I did read just the tiniest amount of horror and science fiction, but way less than I usually do. A grab bag of various books:

  • Rebecca by Daphne du Marier. I’d never read Rebecca, which seems like a pretty phenomenal oversight given my mild obsessions with the housewife in literature, Gothic novels, etc. At turns absolutely, howlingly funny and morbidly creepifying. The recent Netflix version was SO BAD; I had such a great time watching it.
  • Battle of the Light Brigade by Kameron Hurley. Military sf that makes for a very good audio, with the added bonus of being completely anti-corporate. So much goes the other way.
  • Devolution: A Firsthand Account of the Rainier Sasquatch Massacre by Max Brooks. Pretty stupid! I reread World War Z when the pandemic got going, and it ended up being oddly prescient about how people reacted to the pandemic both before and during the initial outbreak, down to the snake oil and the deniers. Devolution showcases all of Brooks’s strengths turned into weaknesses.
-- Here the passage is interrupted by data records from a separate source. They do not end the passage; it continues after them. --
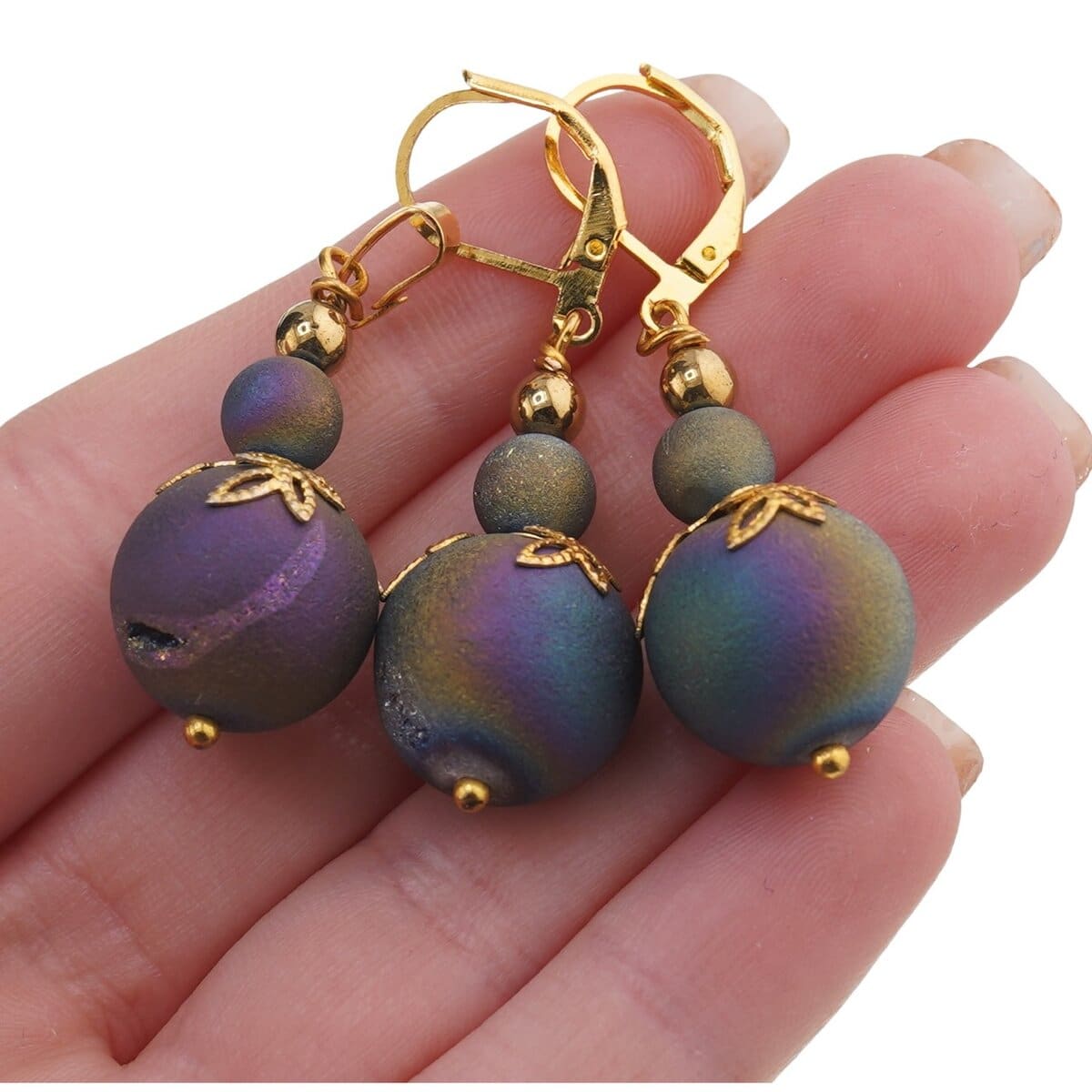 Set cercei si pandantiv Cuart Titan Aura sfere 6-15mm cu flori aurii
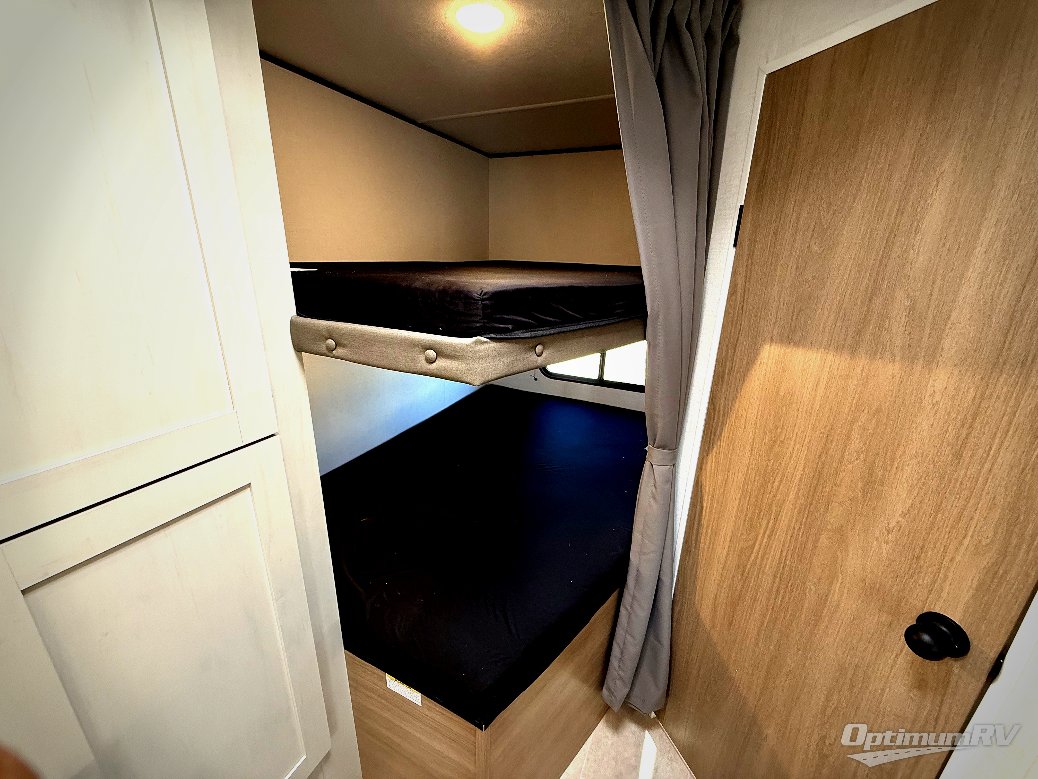 Get ready for fun and relaxation at the campgrounds with this trailer in your campsite. You can fish in the river, hike the trails and relax under the power awning before heading inside to enjoy the comforts of home. You will also enjoy having double access to the private bedroom which offers a residential queen bed and dual closets, plus the full bathroom will keep you refreshed after outdoor fun. The double-size bunks offer sleeping for four, and the furniture doubles as extra sleeping space. The cook will have full amenities including a 10 cu. ft. 12V refrigerator to store lots of cold items. And the large slide gives everyone more floor space.
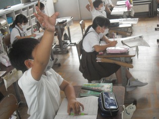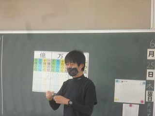 4年生が算数で、位取りについて学習していました。10や100で掛けたり割ったりすると、数がどのように変化するのか、いろいろな数について確かめていました。
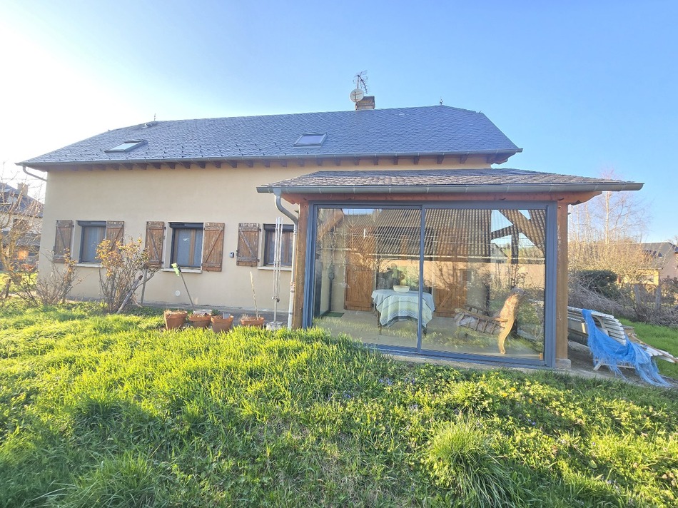 Located at the end of a cul-de-sac in a very quiet residential area, this beautiful 138 m² house is currently divided into two apartments, one on each floor. Built in 2005 using traditional methods, it sits on a flat, enclosed, and landscaped plot of approximately 850 m². It includes a wooden garden shed and a garage large enough for several vehicles (car, boat, jet ski, etc.). A primary school and shops are located nearby. The property is 6 km from Lake Pareloup with its beach and marina, 28 km from Rodez, and 42 km from the A75 motorway. The ground floor entrance is accessed via the veranda at the front of the house, a perfect place to relax. The veranda is adjacent to the living/dining room, which is itself connected to a separate, fully equipped kitchen. Note that it is possible to remove the partition wall separating these two spaces to create an open-plan living area. The hallway then leads to the two bedrooms and the shower room. A separate toilet and a laundry/storage room complete this level. From a door in this apartment, or via the independent garage, a staircase leads to the upper floor, where you'll discover a beautiful open-plan living area under the eaves, showcasing the charm of traditional timber framing. Two bedrooms, with the possibility of creating a third, and a spacious shower room with a toilet complete this property. Outside, a paved driveway leads to the garage, and a vegetable garden has been created on the rear gable end, providing a lovely space for children or pets. Ideal as a primary or secondary residence, perfect for bringing together two generations of the same family while maintaining their independence, for rental investment, for living in one apartment and renting the other out year-round or seasonally, or simply for creating a single home... come and discover this property which offers wonderful possibilities and requires only minor renovations on the ground floor. You can move in immediately, and once personalized, you'll be completely won over by your purchase! Technical specifications: House built in 2005 with concrete blocks, rendered finish, traditional oak frame, poplar sheathing, slate roof, double-glazed wooden windows, wooden shutters + 2020 electric aluminum roller shutters, 10 cm of fiberglass insulation in the walls and 30 cm in the roof, oil-fired boiler with aluminum radiators and hot water production, compliant electrical wiring, connected to mains drainage. Information on the risks to which this property is exposed is available on the Georisques website: www.georisques.gouv.fr

WWZ made it clear he was a huge military history wonk, and he brings all of that to bear in Devolution in this junky evopsych way. His main first person voice is a housewife, which he cannot pull off at all convincingly. But! It’s also fast and bloody, and I appreciate his action sequences when he’s not lecturing me about Sun Tzu or whatever.
  • Titus Groan by Mervyn Peake. My brother-in-law mailed the whole Gormenghast trilogy to me after a grudging hate-read through all eleventy million pages. It’s like he couldn’t understand why Gormenghast is so compelling, because it’s also 100% repellant. Everyone is a grotesque — everyone — if not downright evil. The plot, insofar as there is one, follows an ambitious servant climbing his way through the Groan family ranks, often bloodily. It is just delightfully fucked up, and I have never read anything like it.
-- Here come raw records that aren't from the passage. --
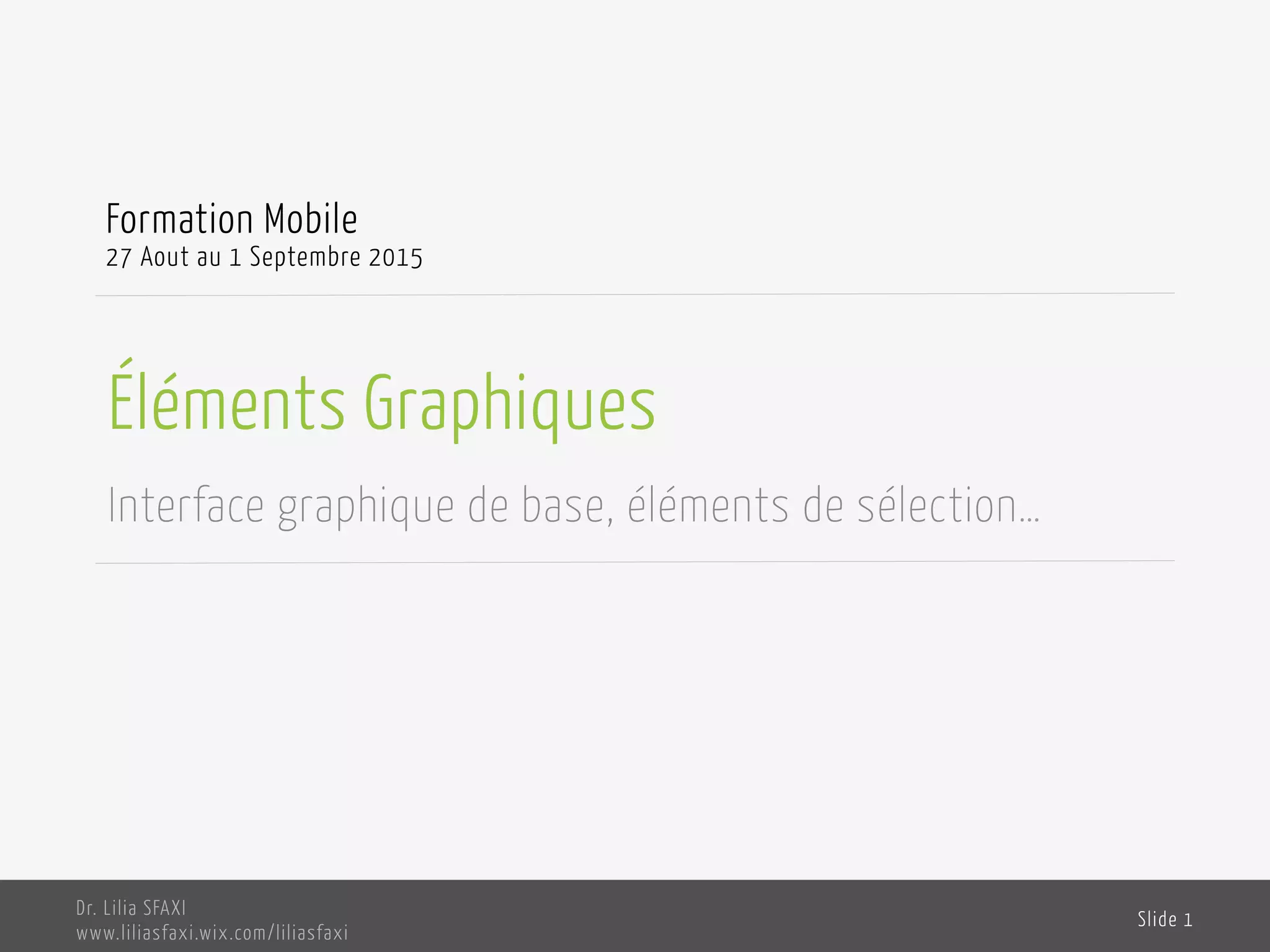 Le document présente une formation sur les éléments graphiques de base d'une interface Android, incluant les classes View et ViewGroup, ainsi que la création et l'utilisation de fichiers XML pour le layout d'applications. Il détaille les différentes manières de définir le comportement des éléments graphiques, comme les boutons, et évoque la structure et le cycle de vie d'une application Android. Des ateliers pratiques sont également proposés pour aider les participants à mettre en œuvre ces concepts dans des projets concrets.
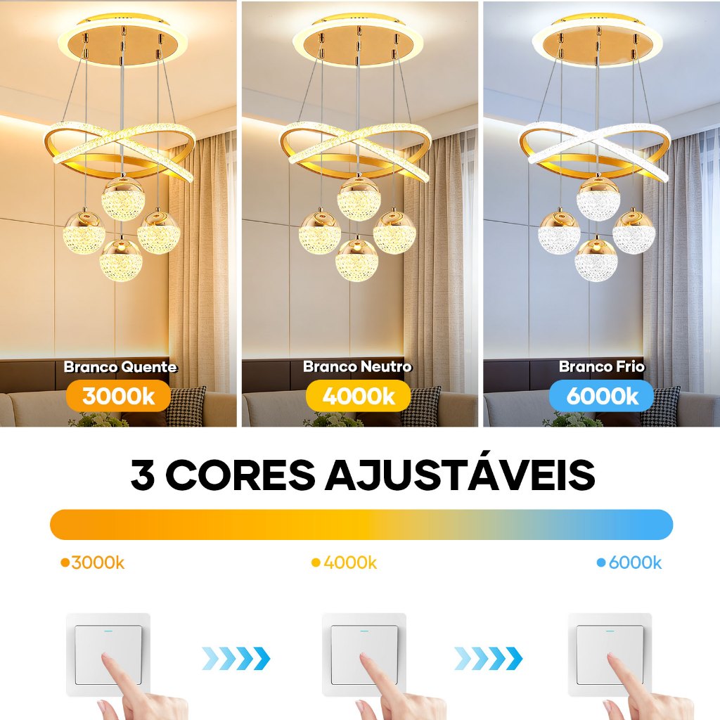 Lustre Pendente Moderno Cristal LED 3 Cores Sala Estar Jantar Quarto Luxo Luminária Teto Dourado
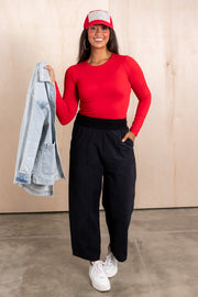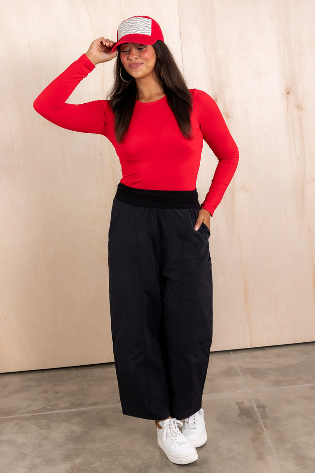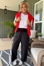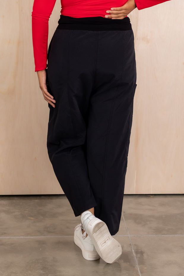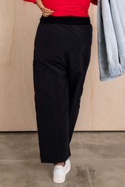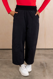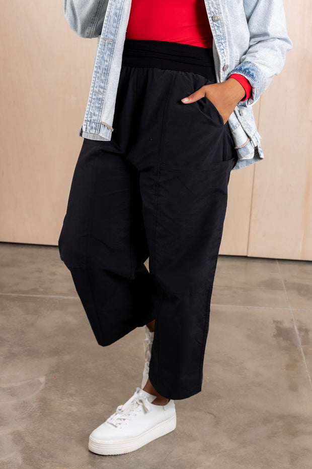These Pants offer a comfortable high waist with an elastic pull-on waistband. Featuring side pockets and a cropped silhouette, these pants combine practicality with a modern, relaxed style.
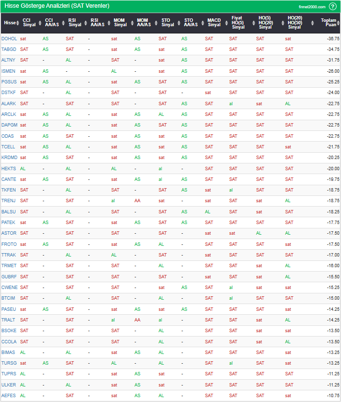 Bu çalışmada “SAT” sinyali veren hisselerin tespiti amacıyla Borsa’da işlem gören BIST 100 hisseler değerlendirmeye alınmıştır. BIST 100 üzerinde teknik analizde kullanılan 12 gösterge yöntemi ile değerleme yapılarak puanlamaya gidilerek hisseler sıralanmıştır. Ancak hisse seçiminde teknik göstergelerin tek başına kullanılması yeterli değildir. Burada ön plana çıkan hisselerin temel analizle desteklemesi ve hisseyle ilgili son haber ve bilgilerin de değerlendirilerek işlemde bulunması, daha sağlıklı sonuçlar için yararlı olacaktır.

  • Hench by Natalie Zina Walschots. This might be my favorite thing I read last year? Certainly the one I kept talking about the longest. It’s got a premise not dissimilar from The Boys, but like, not as boy-centric, which maybe isn’t a huge surprise.
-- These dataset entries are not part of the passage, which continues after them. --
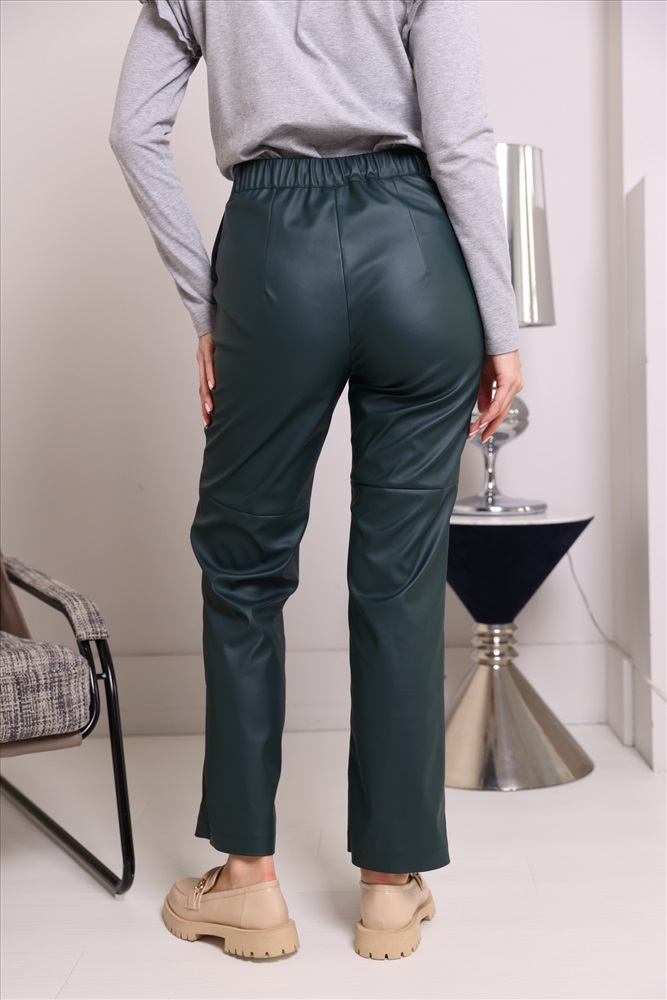 Брюки прямые из экокожи с притачным поясом на резинке по спинке. Карманы в боковых швах, застежка на молнию и 2 крючка. Брюки комбинированного кроя.
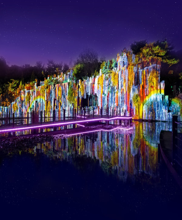 '루미나래 도화몽'은 부천자연생태공원 내에 조성된 감성형 미디어아트 야간경관 콘텐츠로, 복사꽃잎이 기억하는 날씨를 주제로 빛과 음악, 자연이 어우러진 몰입형 판타지 공간을 연출한다.
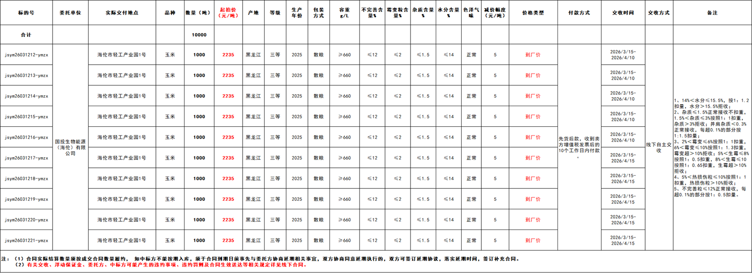 受国投生物能源(海伦)有限公司委托,江苏粮油商品交易市场暨玉米分中心定于2026年3月12日14:30 在“玉米分中心竞价采购交易专场”举办本次商品玉米竞价采购交易活动。具体事宜公告如下:
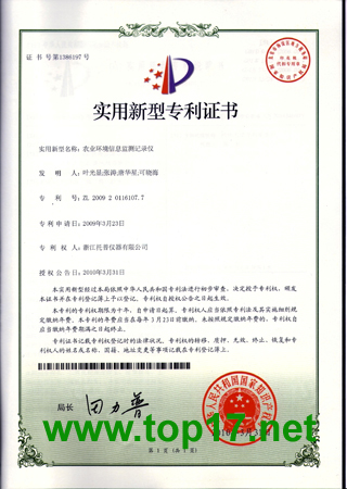 多年来,浙江托普仪器有限公司在产品研发上一直孜孜以求,投入很大的人力与财力,以继续保持并发扬浙江托普的品牌。此次浙江托普农业环境记录仪获实用新型专利和软件著作权就是一个很好的证明,我们会继续努力,不辜负广大朋友对我们的信赖与支持!
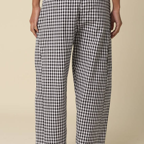 Our Scarlett Gingham Pants feature a relaxed, baggy silhouette with a loose fit through the leg and an elastic waistband with side pockets for an easy pull-on style.
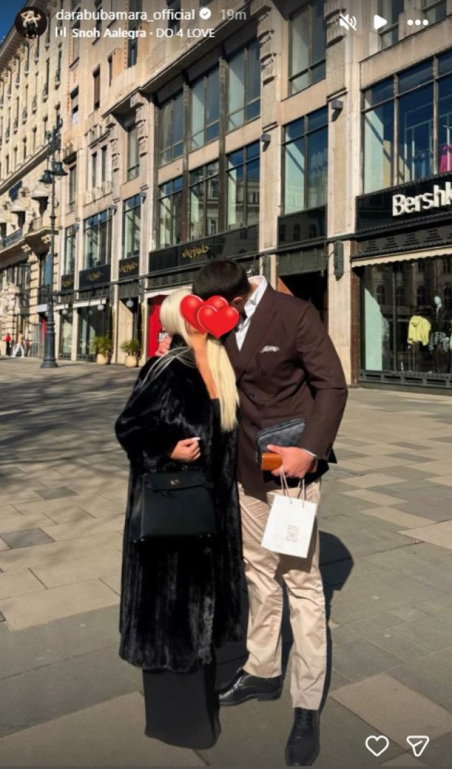 Blistala je u crnoj bundi, a strasni poljubac svi već sada komentarišu na društvenim mrežama. Kako se može videti na njenim Instagram storijima, oni uživaju u Budimpešti u sunčanom danu, a obilaze i restorane.

The trouble with never reviewing anything anymore is that this roundup is getting out of hand, and I’m sure there are another couple dozen books I read last year but just haven’t thought of them. Ah well.

So, not my finest year of reading, but then it’s not like it’s a competition or something, and there are no prizes for reading fancier or grittier fiction. I have been tentatively dipping my toes back into darker fiction — like I keep hacking at Nick Cutter’s The Deep even though it kind of makes me wig out every 20 pages and switch to something else. We’ll see.